## The task
Reproduce every entry below exactly, minus the pictures.

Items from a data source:
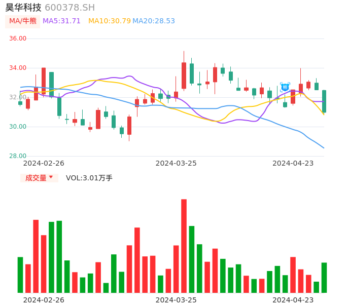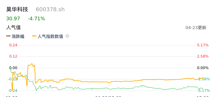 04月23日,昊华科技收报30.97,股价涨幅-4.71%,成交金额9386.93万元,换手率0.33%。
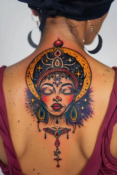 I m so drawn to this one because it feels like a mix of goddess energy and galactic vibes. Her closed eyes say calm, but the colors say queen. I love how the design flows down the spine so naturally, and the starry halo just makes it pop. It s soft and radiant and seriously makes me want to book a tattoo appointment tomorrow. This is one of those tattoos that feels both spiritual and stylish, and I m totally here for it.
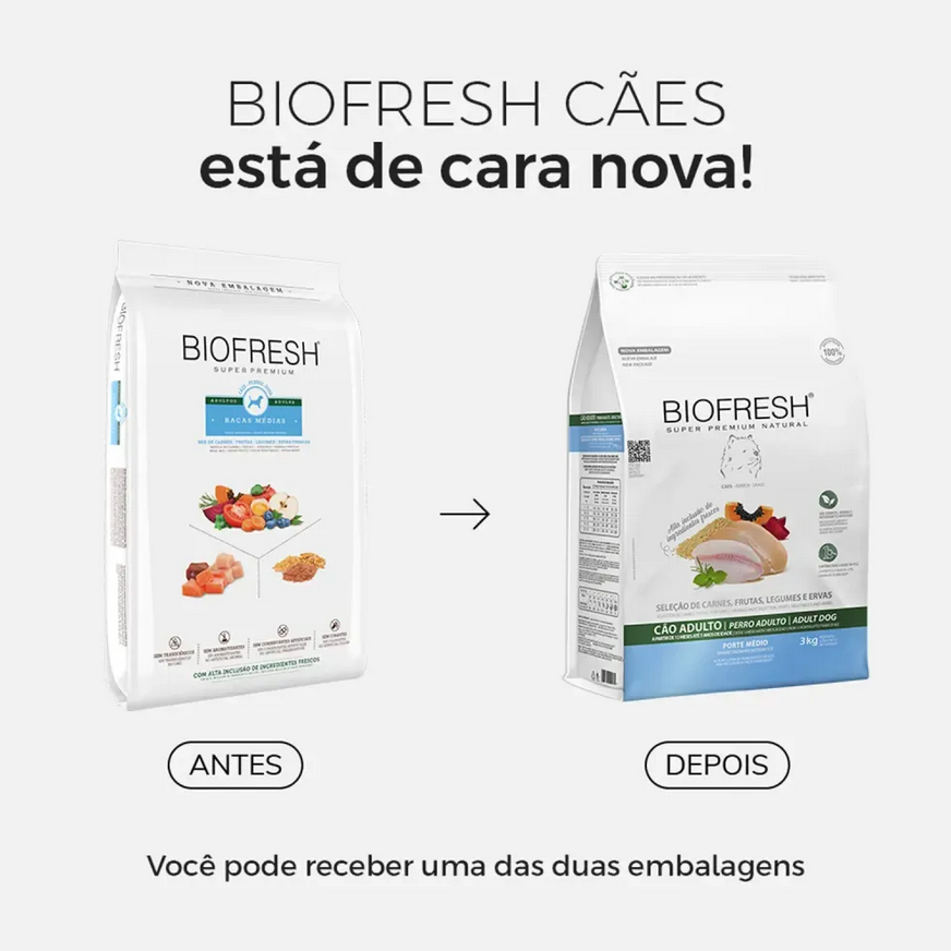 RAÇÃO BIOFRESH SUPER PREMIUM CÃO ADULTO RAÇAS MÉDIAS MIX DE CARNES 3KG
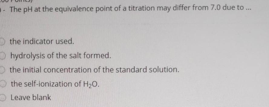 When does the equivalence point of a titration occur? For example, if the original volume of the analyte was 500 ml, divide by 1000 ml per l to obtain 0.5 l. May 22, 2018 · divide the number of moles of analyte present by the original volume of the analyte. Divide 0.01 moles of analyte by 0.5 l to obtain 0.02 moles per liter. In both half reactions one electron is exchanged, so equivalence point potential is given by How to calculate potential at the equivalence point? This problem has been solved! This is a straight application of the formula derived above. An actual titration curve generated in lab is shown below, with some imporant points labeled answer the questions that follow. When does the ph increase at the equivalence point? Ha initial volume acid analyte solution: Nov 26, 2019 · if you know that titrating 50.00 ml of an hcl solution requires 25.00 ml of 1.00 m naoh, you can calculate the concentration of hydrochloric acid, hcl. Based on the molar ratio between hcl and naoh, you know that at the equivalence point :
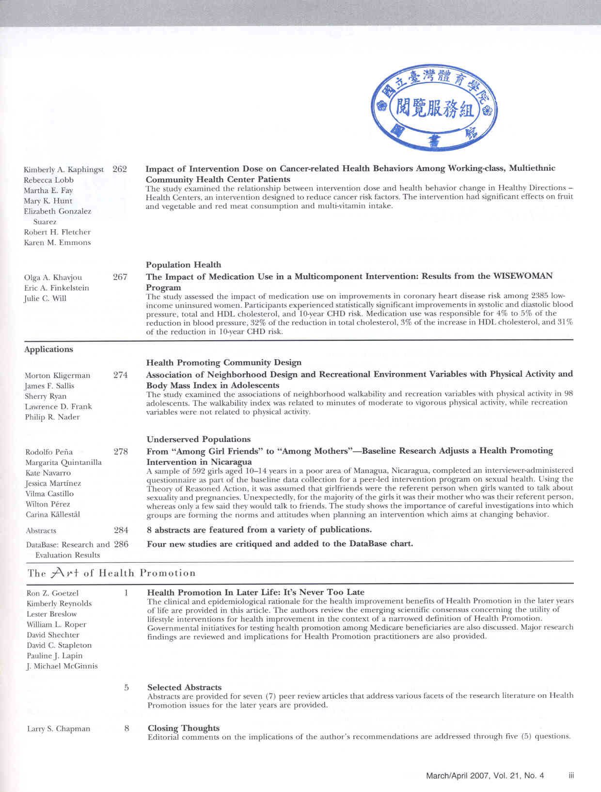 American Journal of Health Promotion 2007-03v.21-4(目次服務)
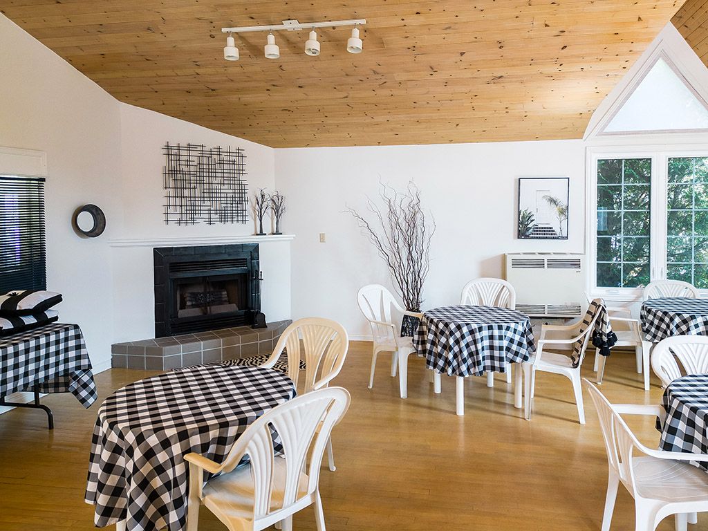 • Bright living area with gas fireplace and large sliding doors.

## Answer space
 04月23日,昊华科技收报30.97,股价涨幅-4.71%,成交金额9386.93万元,换手率0.33%。
 I m so drawn to this one because it feels like a mix of goddess energy and galactic vibes. Her closed eyes say calm, but the colors say queen. I love how the design flows down the spine so naturally, and the starry halo just makes it pop. It s soft and radiant and seriously makes me want to book a tattoo appointment tomorrow. This is one of those tattoos that feels both spiritual and stylish, and I m totally here for it.
 RAÇÃO BIOFRESH SUPER PREMIUM CÃO ADULTO RAÇAS MÉDIAS MIX DE CARNES 3KG
 When does the equivalence point of a titration occur? For example, if the original volume of the analyte was 500 ml, divide by 1000 ml per l to obtain 0.5 l. May 22, 2018 · divide the number of moles of analyte present by the original volume of the analyte. Divide 0.01 moles of analyte by 0.5 l to obtain 0.02 moles per liter. In both half reactions one electron is exchanged, so equivalence point potential is given by How to calculate potential at the equivalence point? This problem has been solved! This is a straight application of the formula derived above. An actual titration curve generated in lab is shown below, with some imporant points labeled answer the questions that follow. When does the ph increase at the equivalence point? Ha initial volume acid analyte solution: Nov 26, 2019 · if you know that titrating 50.00 ml of an hcl solution requires 25.00 ml of 1.00 m naoh, you can calculate the concentration of hydrochloric acid, hcl. Based on the molar ratio between hcl and naoh, you know that at the equivalence point :
 American Journal of Health Promotion 2007-03v.21-4(目次服務)
 • Bright living area with gas fireplace and large sliding doors.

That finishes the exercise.